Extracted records
▬▬▬▬▬▬▬▬▬▬

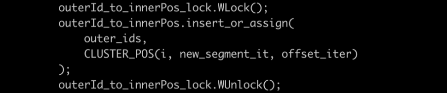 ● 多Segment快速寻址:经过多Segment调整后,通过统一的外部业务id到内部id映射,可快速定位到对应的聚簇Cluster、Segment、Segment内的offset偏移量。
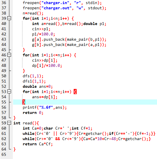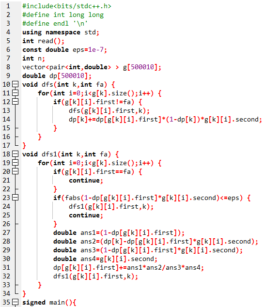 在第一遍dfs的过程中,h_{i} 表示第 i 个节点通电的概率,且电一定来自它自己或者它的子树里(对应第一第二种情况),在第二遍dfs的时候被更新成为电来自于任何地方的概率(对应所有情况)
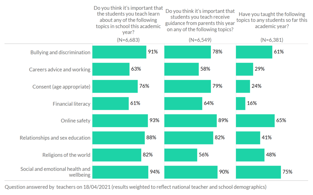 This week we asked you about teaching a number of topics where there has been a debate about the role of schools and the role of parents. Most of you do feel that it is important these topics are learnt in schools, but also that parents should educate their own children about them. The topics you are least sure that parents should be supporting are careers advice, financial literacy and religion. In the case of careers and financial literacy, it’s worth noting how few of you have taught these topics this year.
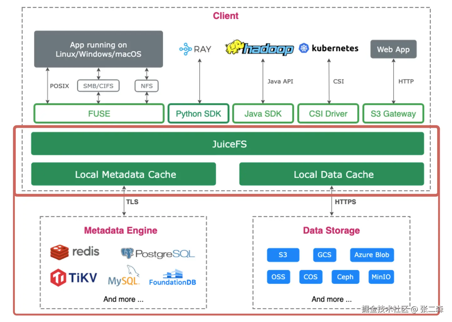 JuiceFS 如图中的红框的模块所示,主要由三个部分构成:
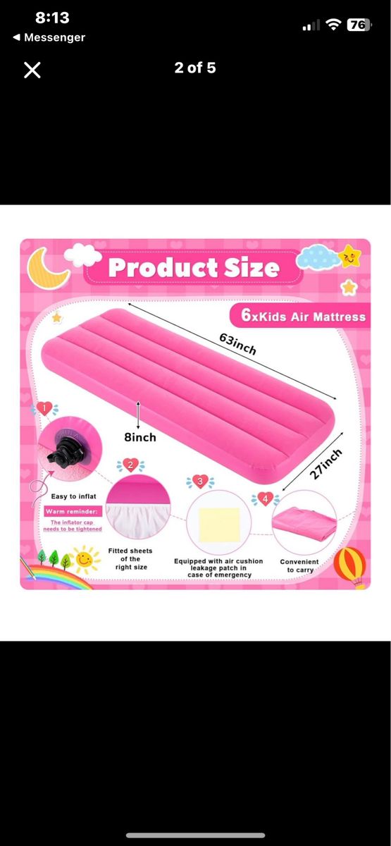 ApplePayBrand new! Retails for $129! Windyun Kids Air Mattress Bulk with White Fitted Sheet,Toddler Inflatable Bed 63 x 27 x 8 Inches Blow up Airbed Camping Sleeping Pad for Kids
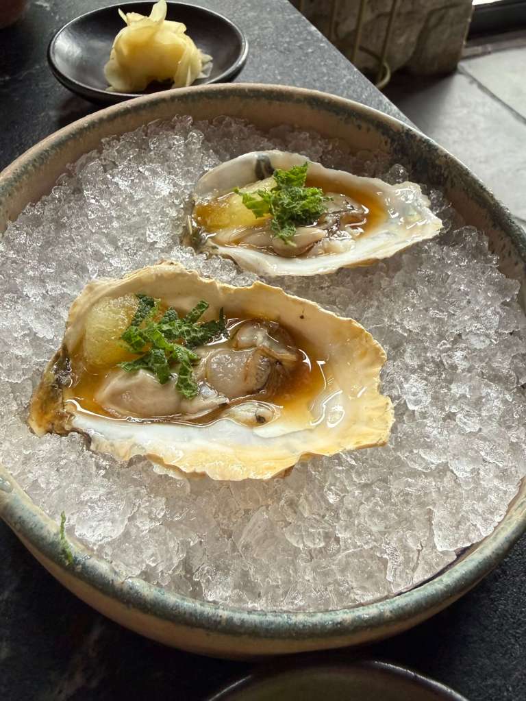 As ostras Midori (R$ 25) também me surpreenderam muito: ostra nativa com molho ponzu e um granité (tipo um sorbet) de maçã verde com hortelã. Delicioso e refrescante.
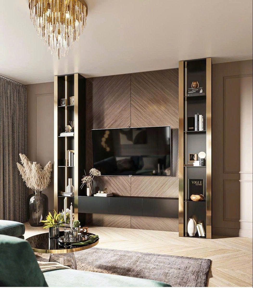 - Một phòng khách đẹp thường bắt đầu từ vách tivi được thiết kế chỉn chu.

▬▬▬▬▬▬▬▬▬▬

◆ **PROBLEM TO WORK ON**: "This week we" marks the first line to copy, and "As ostras Midori" marks the last. Repeat that stretch above exactly, with no pictures.

◆ **RESPONSE TO THIS TASK**:
 This week we asked you about teaching a number of topics where there has been a debate about the role of schools and the role of parents. Most of you do feel that it is important these topics are learnt in schools, but also that parents should educate their own children about them. The topics you are least sure that parents should be supporting are careers advice, financial literacy and religion. In the case of careers and financial literacy, it’s worth noting how few of you have taught these topics this year.
 JuiceFS 如图中的红框的模块所示,主要由三个部分构成:
 ApplePayBrand new! Retails for $129! Windyun Kids Air Mattress Bulk with White Fitted Sheet,Toddler Inflatable Bed 63 x 27 x 8 Inches Blow up Airbed Camping Sleeping Pad for Kids
 As ostras Midori (R$ 25) também me surpreenderam muito: ostra nativa com molho ponzu e um granité (tipo um sorbet) de maçã verde com hortelã. Delicioso e refrescante.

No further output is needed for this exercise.